2. In a large bowl, cream the softened butter and the sugar together using a hand held beater or a wooden spoon. Beat the mixture until all of the sugar is incorporated and the mixture is uniform.
3. Using a sharp knife, slice the vanilla pod lengthways and scrape out the seeds. Add the vanilla seeds to the bowl together with the egg yolks and combine well.
4.Add the flour, bicarbonate and salt and chocolate chip and mix just enough to make a dough. cover the dough and chill in the fridge for at least 30 minutes, preferably 2 hours and optimally, overnight.
5. Use a spoon to scoop the dough and roll to form ping pong sized balls. Rolling roughly will produce a cookie with organic, rough edges. Rolling neatly will give a neater, more uniformly round cookie. For extra ragged cookies, tear the ball of dough apart and put the dough back together with the torn sides outwards.
6. Place well apart on your lined baking sheet and bake at 180°C or 350°F for 10 minutes or until the edges turn golden brown but the cookies are still soft.
Allow them to cool slightly before transferring to a wire rack to cool completely.
Store in an air tight container for up to five days, if there are any left..
Notes
Finely milled wholegrain is well suited to this recipe but coarse flour will also work.
Chilling your dough will help your cookies to hold their shape better.
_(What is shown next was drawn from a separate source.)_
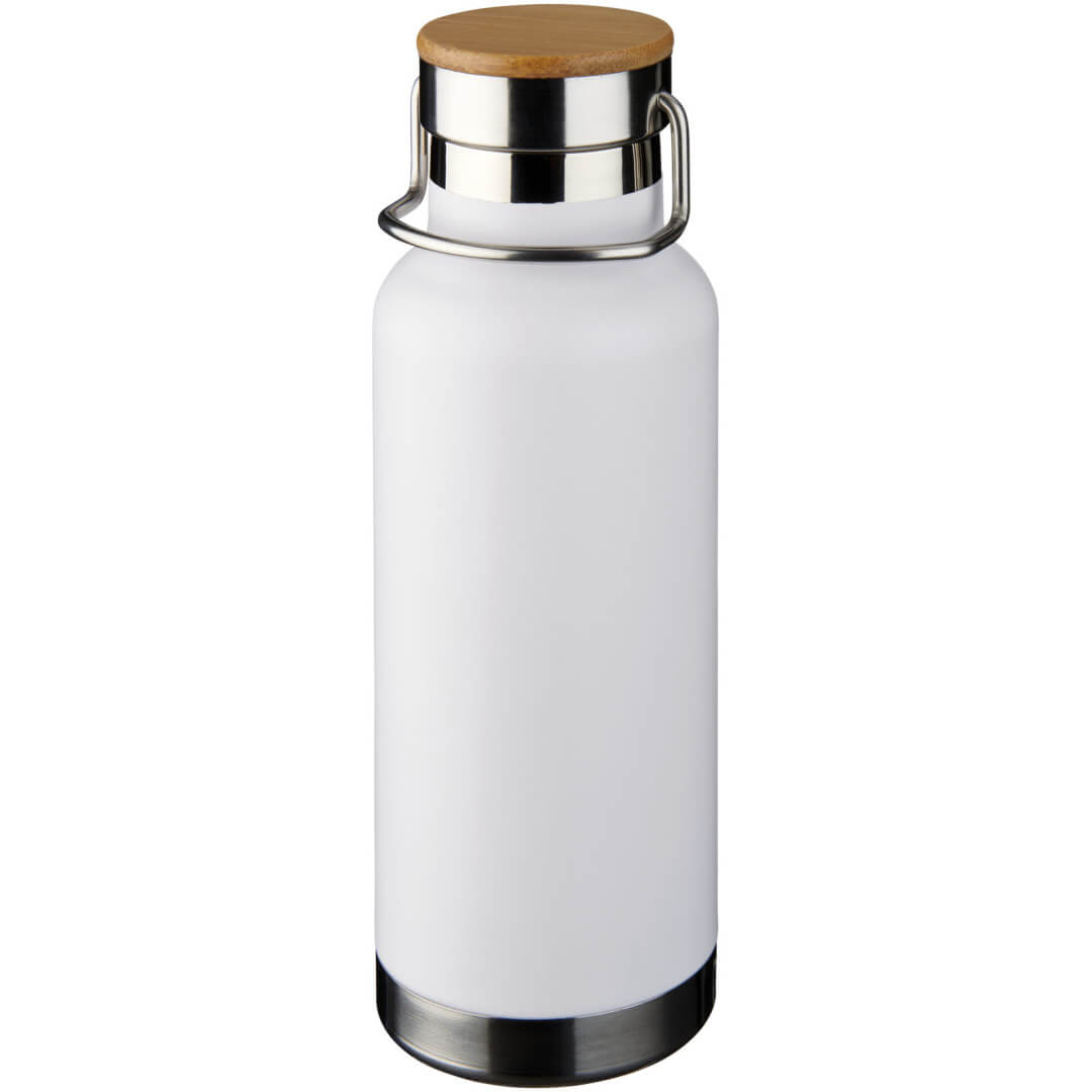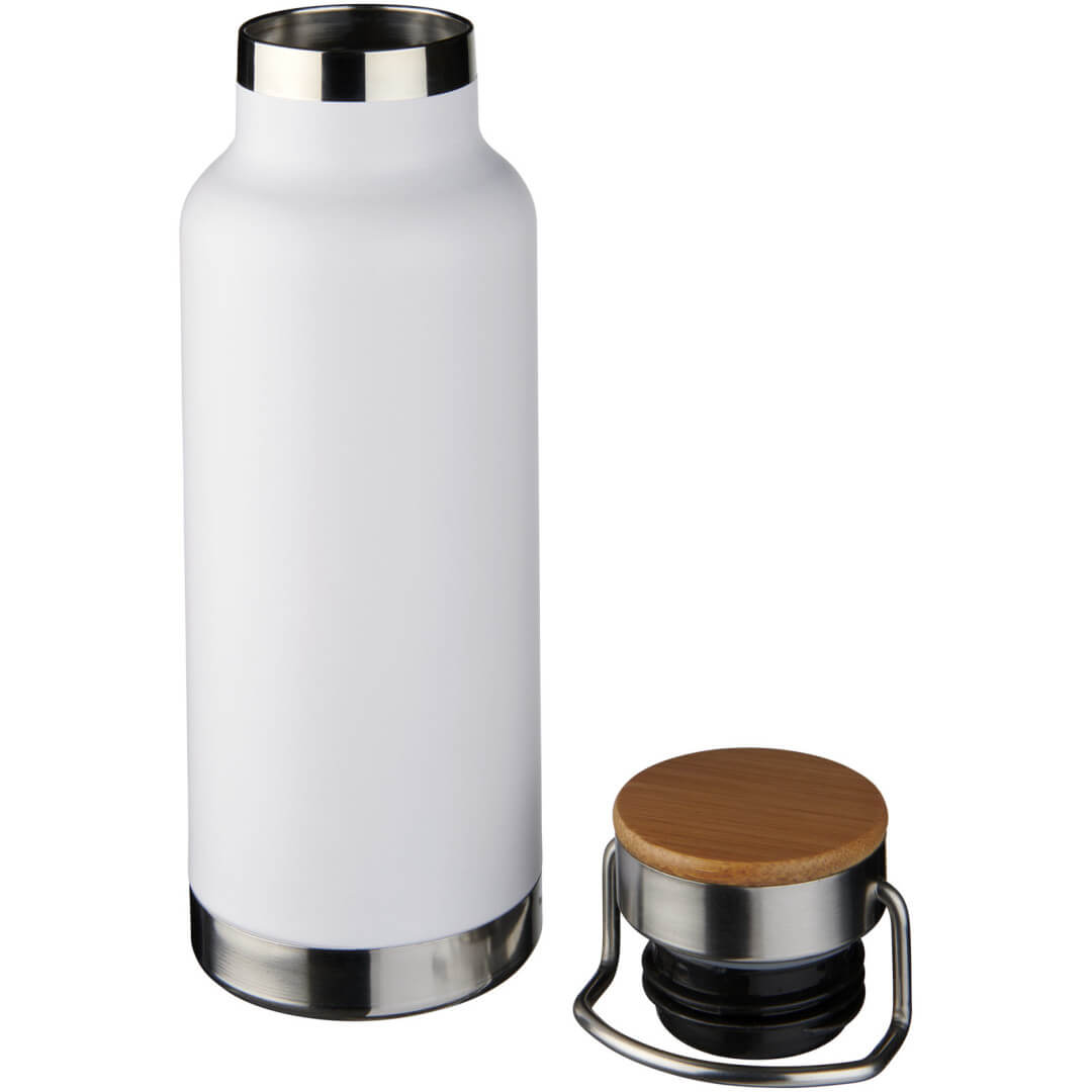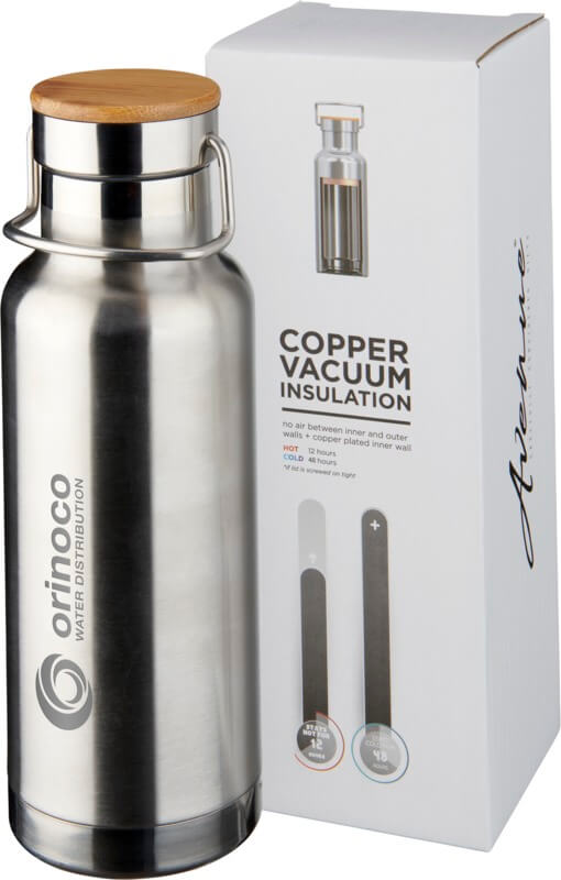 Medená športová fľaša Thor 480 ml s vákuovou izoláciou. Fľaša z nerezovej ocele, neobsahuje plasty. Konštrukcia s vákuovou dvojitou stenou z nerezovej ocele s medenou izoláciou, vďaka ktorej zostanú nápoje chladné po dobu 48 hodín alebo horúce po dobu najmenej 12 hodín. Vďaka tejto konštrukcii tiež na vonkajších stenách nekondenzuje vlhkosť. Skrutkovací uzáver s drevenými detailmi. Práškovo lakovaná s odolnou trendy povrchovou úpravou. Objem 480ml. Dodáva sa v darčekovej krabičke Avenue. Nerezová oceľ.
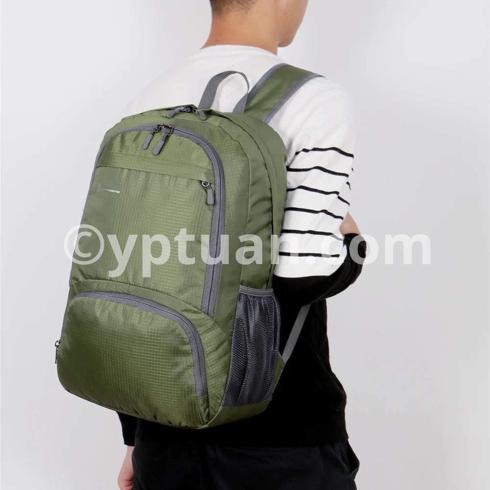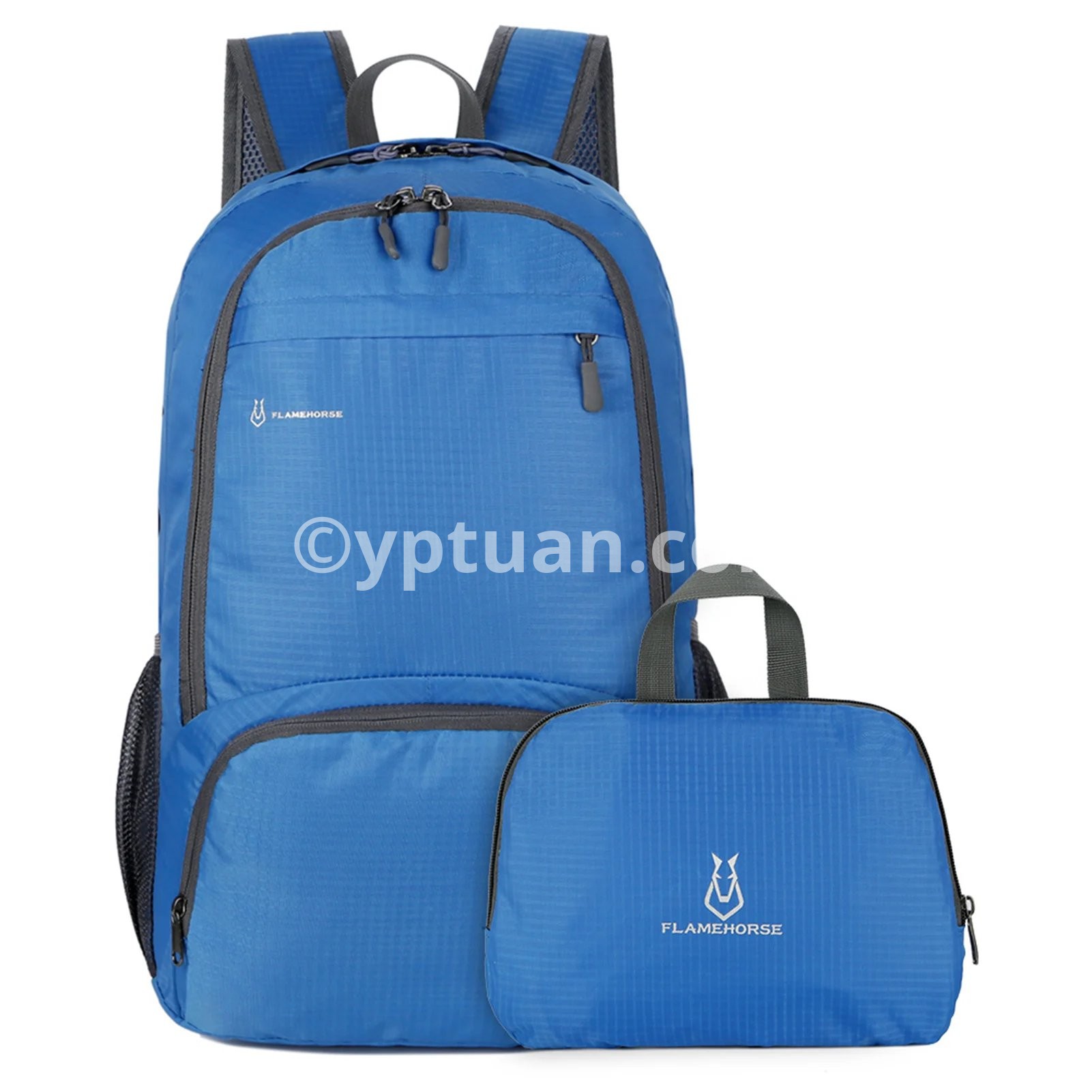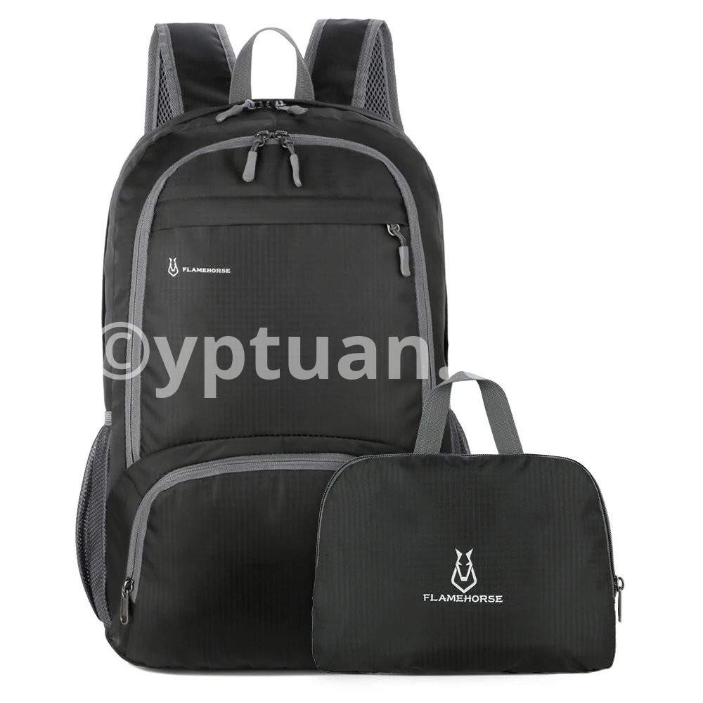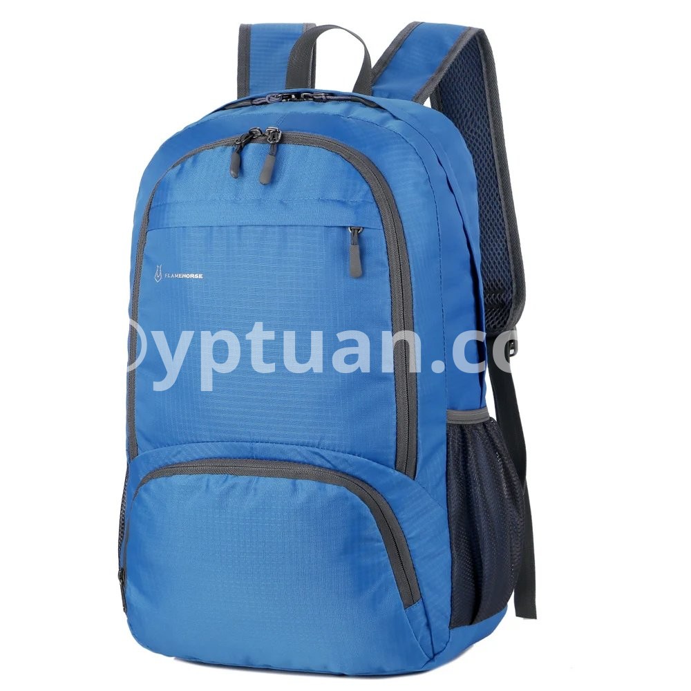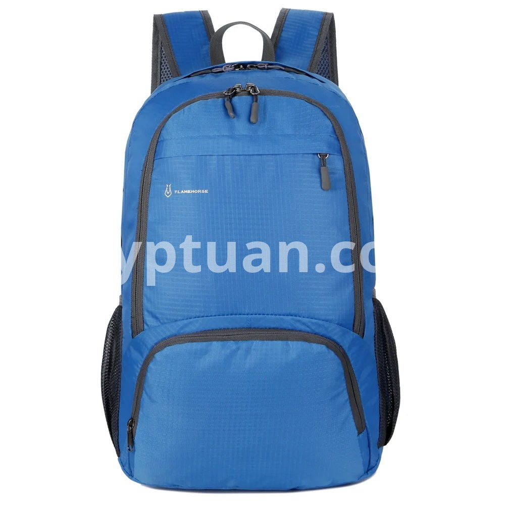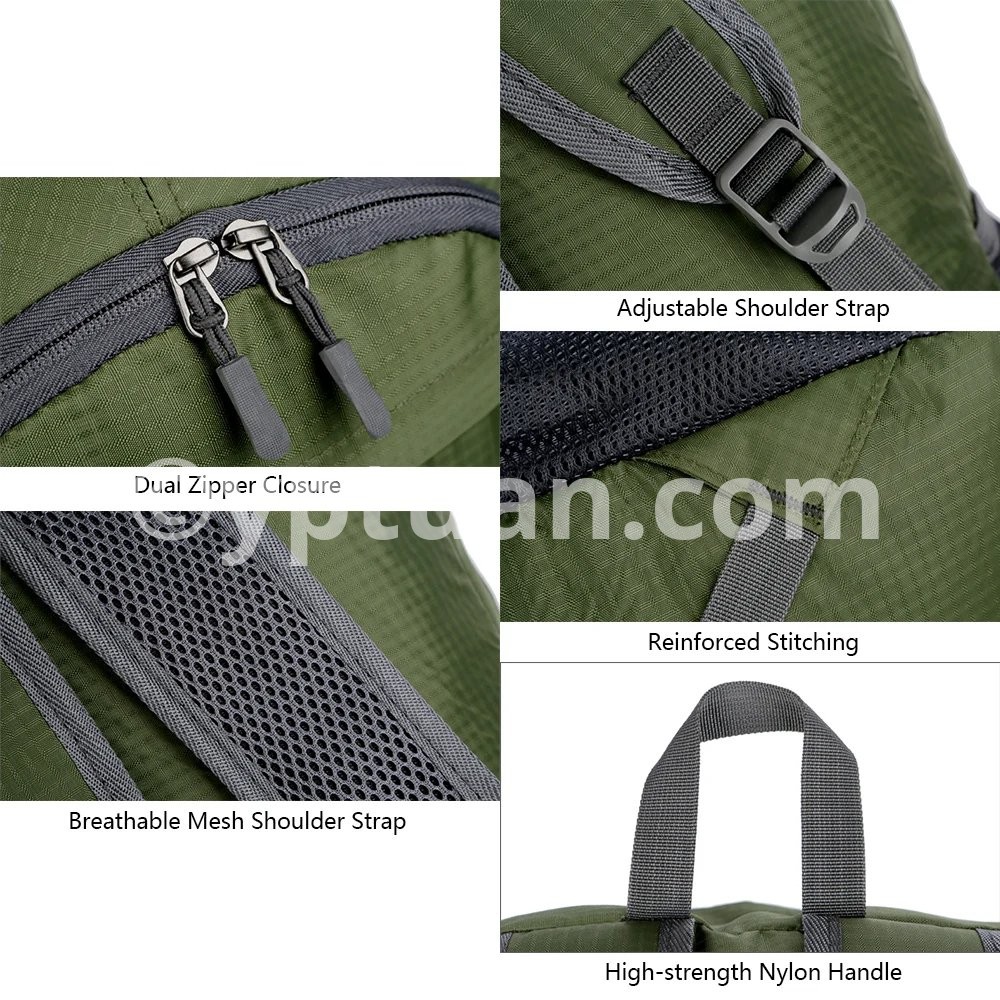 Made with premium nylon fabric, the backpack is lightweight and water-resistant. It features a main compartment, 3 zippered front pockets and 2 mesh side pockets to keep your items organized. It is foldable into a compact size for convenient storage, great for camping, hiking, cycling, traveling, and other outdoor activities.

It's so hard to wait, I know! But preparing your dough a few hours ahead and allowing it to chill will allow time for the flour to hydrate fully, making for a tender cookie. Allowing your dough to rest overnight will give it time for the enzymes to go to work, breaking down the carbohydrates so that they form more aromatic compounds. The longer the rest, the deeper the flavour!